→ **What you should do**
Copy nothing but the lines below, from the one with "경기도의 경우는 안양" through the one with "Enable or disable", exactly as written; no pictures should appear.

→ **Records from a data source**
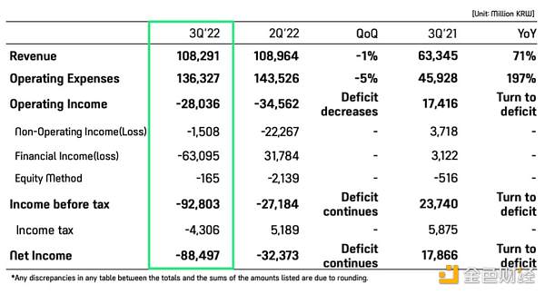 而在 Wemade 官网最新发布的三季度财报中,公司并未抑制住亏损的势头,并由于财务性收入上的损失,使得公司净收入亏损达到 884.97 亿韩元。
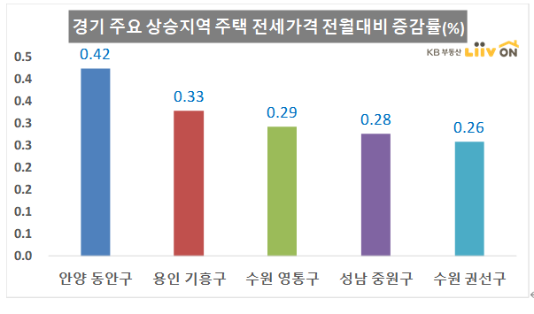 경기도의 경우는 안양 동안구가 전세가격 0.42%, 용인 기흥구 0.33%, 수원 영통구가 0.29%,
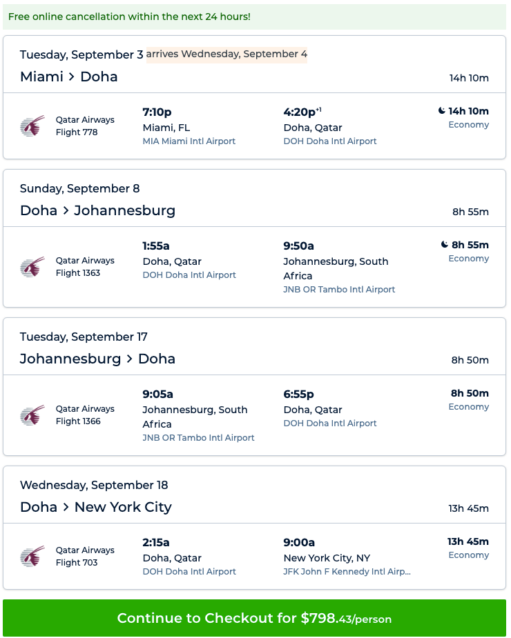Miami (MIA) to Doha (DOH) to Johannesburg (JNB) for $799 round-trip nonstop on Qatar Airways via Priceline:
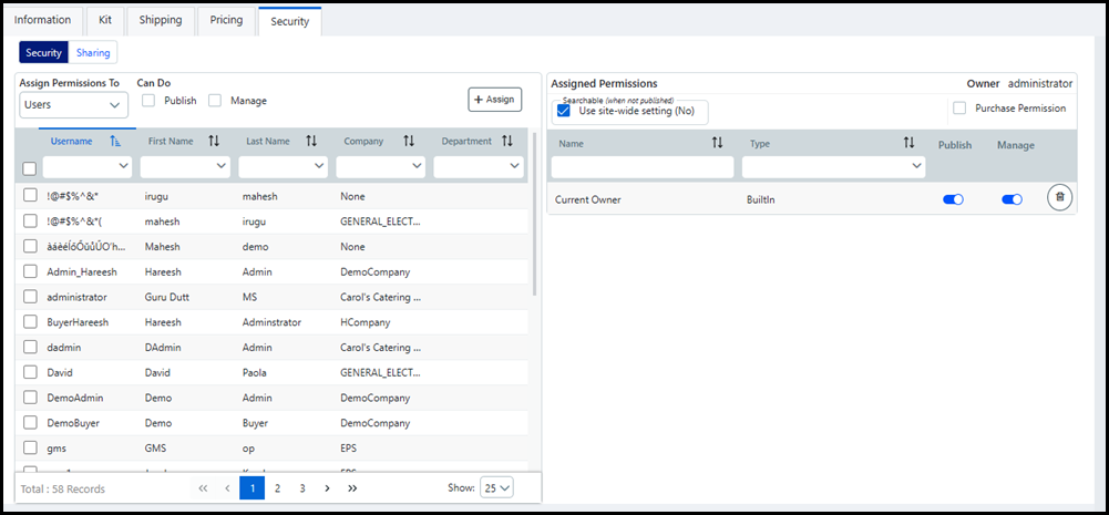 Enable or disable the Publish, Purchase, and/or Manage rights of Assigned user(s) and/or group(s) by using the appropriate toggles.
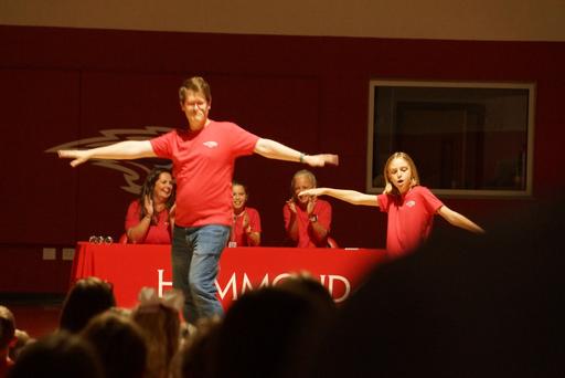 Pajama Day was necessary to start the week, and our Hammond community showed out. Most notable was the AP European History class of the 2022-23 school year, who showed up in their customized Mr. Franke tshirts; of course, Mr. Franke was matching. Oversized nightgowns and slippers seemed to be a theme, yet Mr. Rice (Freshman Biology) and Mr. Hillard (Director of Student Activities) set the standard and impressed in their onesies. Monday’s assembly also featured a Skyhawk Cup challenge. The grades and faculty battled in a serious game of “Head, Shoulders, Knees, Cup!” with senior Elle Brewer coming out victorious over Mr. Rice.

→ **Exercise response**
 경기도의 경우는 안양 동안구가 전세가격 0.42%, 용인 기흥구 0.33%, 수원 영통구가 0.29%,
Miami (MIA) to Doha (DOH) to Johannesburg (JNB) for $799 round-trip nonstop on Qatar Airways via Priceline:
 Enable or disable the Publish, Purchase, and/or Manage rights of Assigned user(s) and/or group(s) by using the appropriate toggles.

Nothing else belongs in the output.